**INPUT DATA:**

=== Section Start ===

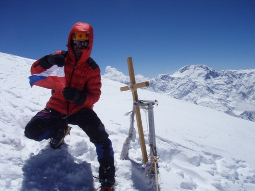 Teď už k samotnému výstupu na Khan Tengri a... jenom na Khan Tengri. Během něho se bohužel opět ukázalo, že člověk sice může být v sebelepší kondici a být sebelepším lezcem, ale pokud mu příroda nenadělila ty správné buňky, s vysokou nadmořskou výškou se prostě a jednoduše nepopasuje. Nepomohla ani poctivá aklimatizace, takže z 3. tábora na vrchol jsem nakonec lezl sólo, zatímco Karel si vyběhl aspoň na šestitisícového Pika Csapareva, přes nějž vede normálka ze severu. Hlavně ale vyplynulo na povrch, že spolu rozhodně nemůžeme lézt na Pobědu, kde se stanuje ve vyšší výšce a delší dobu. Po Chánovi jsme tedy původní plány seškrtali o tři týdny a vrátili se domů.
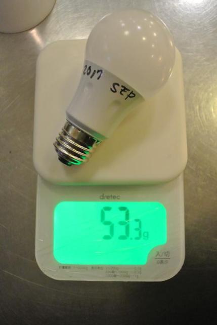 公称50g 実測53g と これまでのLED電球とは比較にならない軽量化が果たされています。
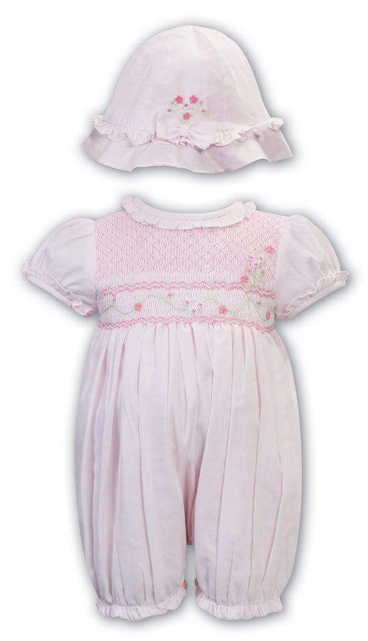 Sarah Louise - Hand smocked, Pink short leg all in one with matching hat
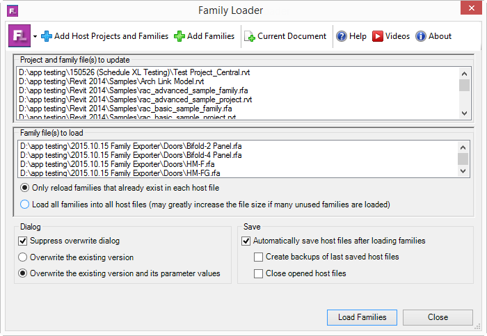 This tool allows users to select multiple families to load or to nest into multiple projects/families, reload only those families into an existing project, and provides the option to overwrite existing parameter values.

=== Section End ===

**REQUIRED WORK:** Lines from the one holding "Sarah Louise - Hand" to the end of the data, both ends included, are to be given again exactly; no pictures belong in the copy.

**RESPONSE AREA:**
 Sarah Louise - Hand smocked, Pink short leg all in one with matching hat
 This tool allows users to select multiple families to load or to nest into multiple projects/families, reload only those families into an existing project, and provides the option to overwrite existing parameter values.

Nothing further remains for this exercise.